The power-up event you describe indicates a _compound_failure_ of the switch -- well, assuming it was _not_ running when you (or whomever) pulled the plug. (If somebody pulled the plug _while_ it was on, and it started immediately _as_ you plugged it back in, it *could* be a 'simple' failure, one of two varieties, in the switch. Unlikely, but possible. Doesn't seem to be the scenario you're describing, however.)
It's also one thing if it powered up immediately, _as_ you plugged it in, and a different thing if it "randomly" powered up *after* it was plugged in. (Assuming it was 'off' when unplugged, _either_ event requires multiple failures, but the actual failures involved are *different*.)
"Powered up unexpectedly" is an entirely _different problem (and failure mode) from 'not starting when the button is pushed'.

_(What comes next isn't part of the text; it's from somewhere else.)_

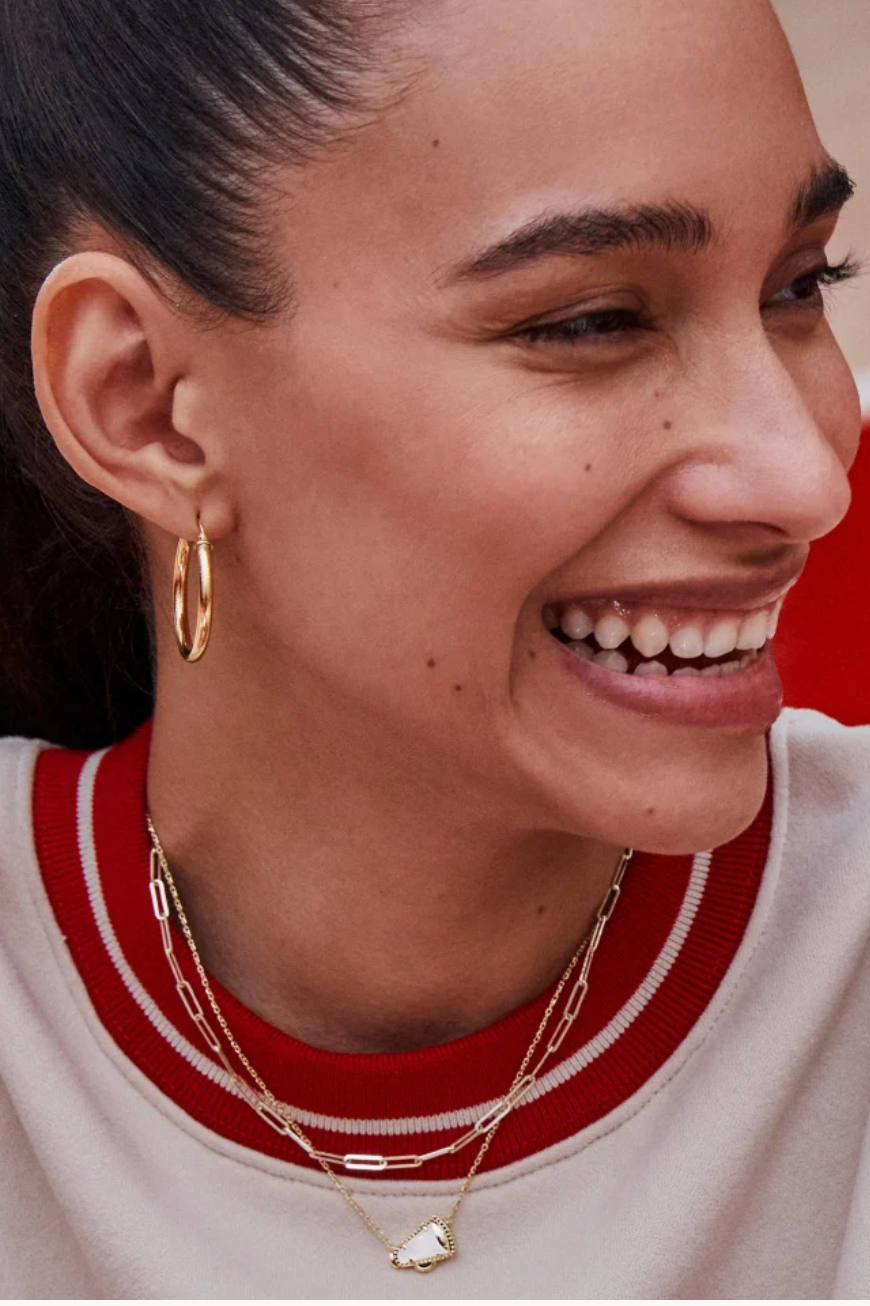 Cheer Gold Short Pendant Necklace in White Mother-of-Pearl – Show Your Team Spirit in Style Give your wardrobe an extra dose of cheer with the Cheer Gold Short Pendant Necklace in White Mother-of-Pearl! This fun, megaphone-shaped pendant is framed by our signature hoofprint detailing, giving it that signature Kendra Scott touch. Crafted in 14k yellow gold over brass and featuring a genuine White Mother-of-Pearl, this pendant exudes elegance while keeping things minimal and spirited. Perfect for showing off your team spirit, this necklace is sure to complement your look on game day or any day you want to add a little extra cheer. Why You’ll Love It: ✔ Fun & Spirited Design – A megaphone pendant that represents your team spirit. ✔ Minimal Yet Cheerful – A subtle yet bold accessory that adds personality to any outfit. ✔ Adjustable Fit – Features a 19" chain with a single adjustable slider bead for a custom fit. ✔ Delicate Yet Durable – Made with 14k yellow gold over brass for lasting beauty and shine. ✔ Perfect for Layering – Ideal for stacking with other necklaces or wearing on its own. Product Details: ✨ Metal: 14k Yellow Gold Over Brass ✨ Stone: White Mother-of-Pearl ✨ Pendant Size: 0.48"L x 0.63"W ✨ Chain Length: 19" with adjustable slider bead ✨ Closure: Lobster Clasp 📣 Show your spirit with the Cheer Gold Pendant Necklace – shop now and get ready to cheer in style!

By casual estimate, you've got *at*least* THREE _different_ things wrong in that switch.
Given the failure modes exhibited -- and the risk of injury should they re-occur -- I would *strongly* recommend that _any_ attempted repair be done *only* by a _professional_ who will GUARANTEE their work *and* who has adequate liability insurance in the event of a "post-repair" failure.
I'd regard that machine as "unsafe to be connected to the mains", PLACARD it with a notice to that effect, pull the plug, and *PADLOCK* it so that it _cannot_ "accidentally" be plugged in. If the plug has holes in the blades, a little lock through one of those holes works. If not, "something more creative" is called for.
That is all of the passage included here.